-- Data extract follows --

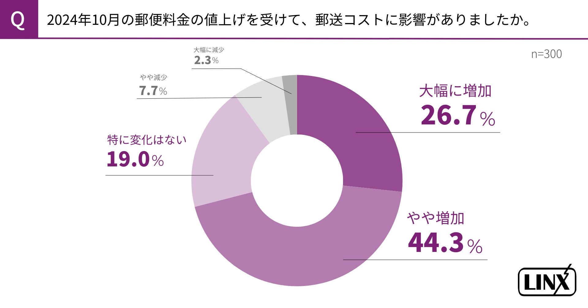 2024年10月の郵便料金の値上げを受けて、郵送コストに影響があったか尋ねたところ、「大幅に増加」が26.7%、「やや増加」が44.3%で、合わせて約7割の企業が「増加した」と回答しました。(n=300)。
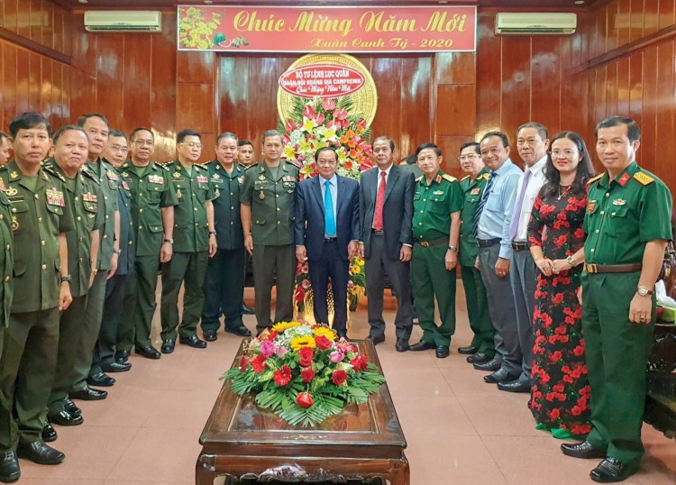Bộ Tư lệnh Lục quân- Quân đội Hoàng gia Campuchia chúc Tết và chụp hình lưu niệm cùng lãnh đạo TP Cần Thơ.
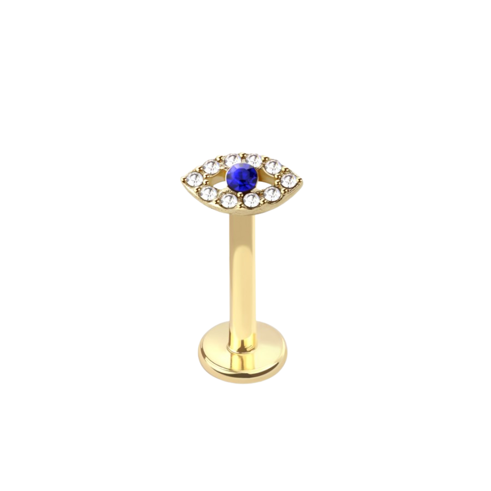 Internally Threaded CZ Crystal Evil Eye Flat Back Stud - 316L Stainless Steel
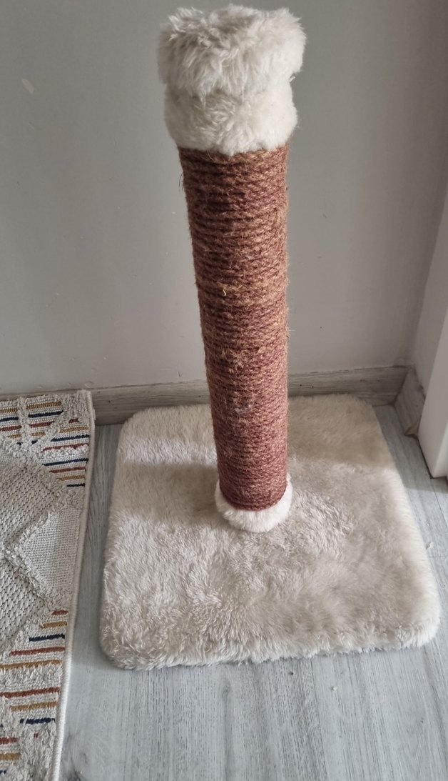 Kedi tırmalaması için yumuşak gri tabanlı kahverengi tırmalama tahtası.

-- Data extract concluded --

■ **Your assignment**
Output a verbatim copy of the lines from the line containing "Internally Threaded CZ" through the end of the data, both included, without any images.

■ **Finished task**
 Internally Threaded CZ Crystal Evil Eye Flat Back Stud - 316L Stainless Steel
 Kedi tırmalaması için yumuşak gri tabanlı kahverengi tırmalama tahtası.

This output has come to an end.